Barred Pencilfish, Comma Pencilfish (Nannostomus espei)
Family: Lebiasinidae, Subfamily Pyrrhulininae
Common Names: Barred Pencilfish, Comma Pencilfish
Origin and Habitat: Mazaruni River basin, Guyana. Found in small slow-flowing creeks and streams.
Compatibility/Temperament: Very peaceful, suitable for a soft acidic water aquarium of similar small peaceful characins, small catfish and loaches, rasbora, dwarf cichlids, rarer (small) gourami. Active tankmates will make it nervous and it may not eat.
Barred Pencilfish Diet
Carnivorous, it will accept most prepared foods such as flake, insects, frozen daphnia, brine shrimp. Wingless fruit flies would be a treat.
Attains 1.33 inches.
Minimum Tank Suggestion
24 inches in length
Water parameters for Barred Pencilfish
Soft (hardness below 10 dGH) acidic (pH below 7.0) water, temperature 22-26C/72-79F.

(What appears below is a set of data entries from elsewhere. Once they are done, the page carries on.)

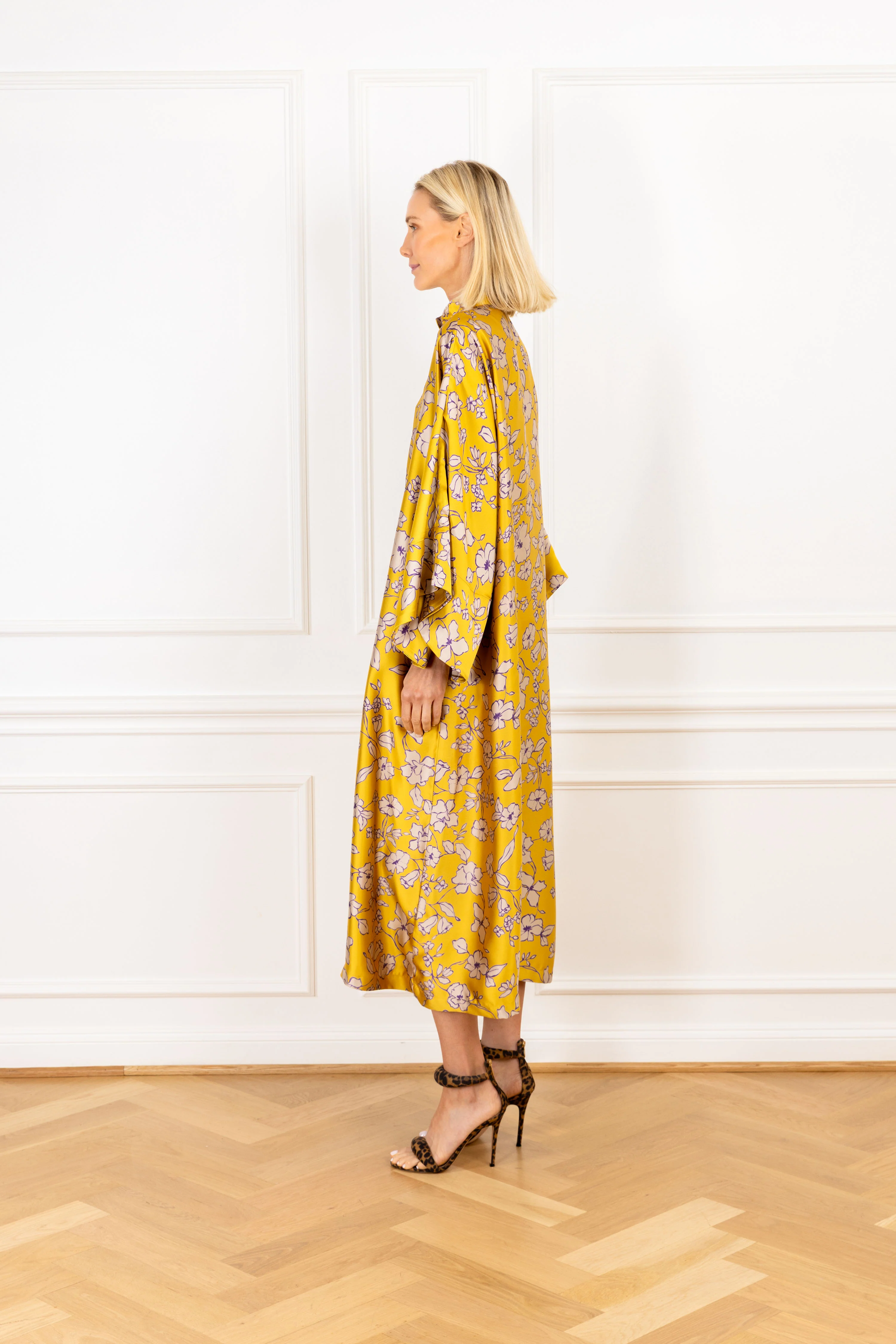 slip on our signature caftan silhouette for an effortless look that feels refined. this caftan features outlined floral motifs in varying sizes scattered across a golden saffron satin fabrication.
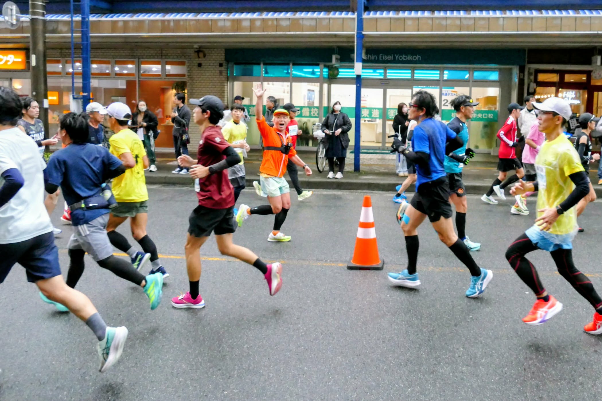 毎年走りながら、あら竹を応援してくださるたいへんありがたい尊敬するオレンジ田中さんにも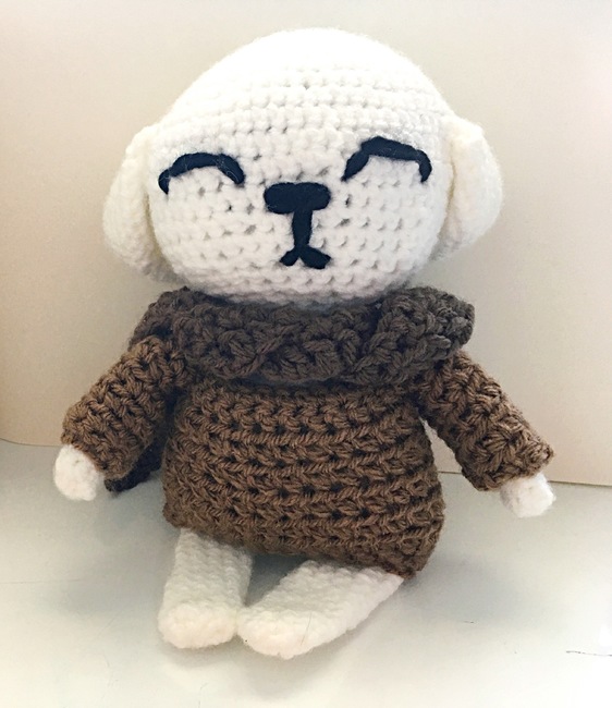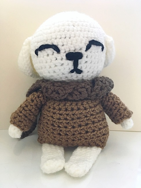 A crochet white puppy with a brown sweater and a dark brown scarf.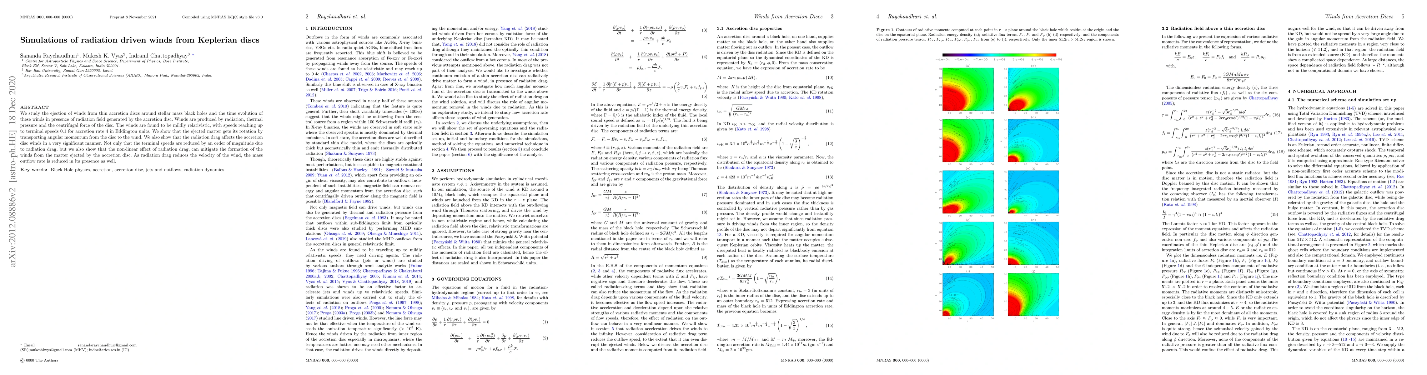 We study the ejection of winds from thin accretion discs around stellar mass black holes and the time evolution of these winds in presence of radiation field generated by the accretion disc. Winds are produced by radiation, thermal pressure and the centrifugal force of the disc. The winds are found to be mildly relativistic, with speeds reaching up to terminal speeds $0.1$ for accretion rate $4$ in Eddington units. We show that the ejected matter gets its rotation by transporting angular momentum from the disc to the wind. We also show that the radiation drag affects the accretion disc winds in a very significant manner. Not only that the terminal speeds are reduced by an order of magnitude due to radiation drag, but we also show that the non-linear effect of radiation drag, can mitigate the formation of the winds from the matter ejected by the accretion disc. As radiation drag reduces the velocity of the wind, the mass outflow rate is reduced in its presence as well.

One of the rarer pencilfish, difficult to catch in its habitat. Must be kept in a group of at least six but preferably more, with a good ratio of females to males to avoid males driving the females too hard. Males will challenge each other with no damage. The species prefers the middle and upper levels in the aquarium, swimming and browsing plant leaves.
Females are stockier than males, and the golden stripe has less "sparkle" than on the male. Spawning will occur in very soft acidic water in a well-planted tank, and follows the standard characin method. Adults will eat the eggs if not removed.
This species possess an adipose fin (not all pencilfish do), and it shares with all pencilfish a small terminal mouith that is always open. It differs from other species in that it retains its colour pattern day and night. The other known pencilfish species all have a diurnal colour pattern; during darkness, the horizontal line breaks up into a series of dashes comparable to the permanent pattern of the subject species.
All pencilfish are found in the tribe Nannostomini in the subfamily Pyrrhulininae. The subject species was originally described as Poecilobrycon espei (Meinken, 1956) until Weitzman (1966) established it in Nannostomus, and subsequently combined the three then-existing genera into the single genus (Weitzman & Cobb 1975); Gery (1977) separated them into two genera, Nannostomus and Nannobrycon, largely on the basis of the swimming position. Weitzman & Weitzman in Reis et al. (2003) combined the species into the single genus Nannostomus which now includes all described pencilfish. The genus name Nannostomus comes from the Greek meaning "small mouth."
Gery, Jacques (1977) Characoids of the World, TFH Books.
Reis, R.E., S.O. Kullander & C.J. Ferraris Jr. (2003), Check list of the freshwater fishes of South and Central America.
Weitzman, Stanley H. & J.S. Cobb (1975), "A revision of the South American fishes of the genus Nannostomus Gunther (family Lebiasinidae)," Smithsonian Contributions to Zoology No. 186.